もしてプログラマへの道を断念しようと悩んでいるのであればちょっとだけ思い止まってこの記事を最後まで読んでから判断してからでも遅くはありません。

プログラマにとってバグとは切っても切り離せない縁。ちょっとオーバーな表現をするとまるで親戚のような存在なのです。

厳密にはバグとエラーは異なりますが、本書はプログラマを志す人や、プログラマになりたての人をターゲットにしていますので、バグとエラーは同義とします。

バグが出るのは品質や実力が足りないということか

古い体質の会社だとプログラミングが終わった直後にバグが出ると「品質が悪い」、「実力が足りない」と叱られるケースもありますが、それは大きな間違いです。

プログラマとしての実力はバグの有無とは一切関係がありませんし、逆にバグを積極的に出した方がいいフェーズというのは存在します。

それを否定する古い体質の人達がいるからこそ、バグを揉み消すために勝手にプログラムを改変したり、わざと報告しないことで後々大きなトラブルになることも多いです。

単体試験ではエラーを沢山出した方がいい

単体試験とは作ったプログラムが意図したとおりに動くかをテストする最初の試験です。

このフェーズでは作ったプログラムだけで完結するバグを摘出するのが目的のため、出来るだけバグを出した方がいいです。

作りたてのプログラムなので、意図したとおりに動作することは100%有り得ません

そもそもコンパイルが通らないことすらありますし、変なエラーメッセージは山のように出ます。

このフェーズでバグを検知しても責めるのはお門違いであり、寧ろ正常に摘出できていることに対して一定の評価を与えるべきだとすら考えています。

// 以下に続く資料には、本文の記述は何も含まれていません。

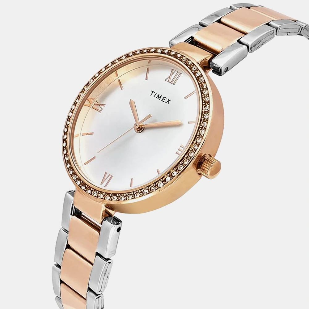 Experience timeless craftsmanship with the TIMEX Watch for Women Analog, a true classic among water resistant watches for man Analog. Designed with a bold 35mm Silver dial and a stylish Two Tone Stainless Steel this Women’s watches model combines modern edge with vintage charm. Built for everyday wear, its Brass case ensures durability, while the 30 m water resistance makes it suitable for daily splashes and unexpected weather. The Analog watch for man runs on reliable Quartz movement, offering precise timekeeping that suits both casual outings and formal occasions. This watch for man ideal for those who appreciate a minimalist look in a classic watch for man making it a perfect choice for office, travel, or daily commutes. Whether you’re shopping a watch for man, a formal watch for man, or a timeless wrist watch for Women, this model checks all the right boxes. It also makes a thoughtful gift, combining elegance with practicality.Its Comes With minimal maintenance and a one-year warranty (limited to manufacturing defects).

単体試験での品質の目標というのは配属されるプロジェクトによってルールはあるかもしれませんが、どのようなプロジェクトであっても概ね以下のような指標があります。

  • テスト項目数 ≧ プログラムの行数 ÷ 5
  • バグ率 ≧ テスト項目数 ÷ 10

です。

つまり1000行のプログラムを書いたとしたらテストするべき横目数は最低でも200件あり、バグは最低でも20件あるという意味です。

上記の計算式よりテスト項目数が少なかったらそれはテストの粒度が荒すぎるという意味になりますし、バグ件数が少なければ杜撰なテストをしていたと思われても仕方がありません。

品質目標に満たない場合は、リーダーやお客様が受理しないケースもあります。

このフェーズで不具合を出したことを責める人がいるのであれば、寧ろその人の方が適性がありません。そもそも単体試験という観点を完全に勘違いしています。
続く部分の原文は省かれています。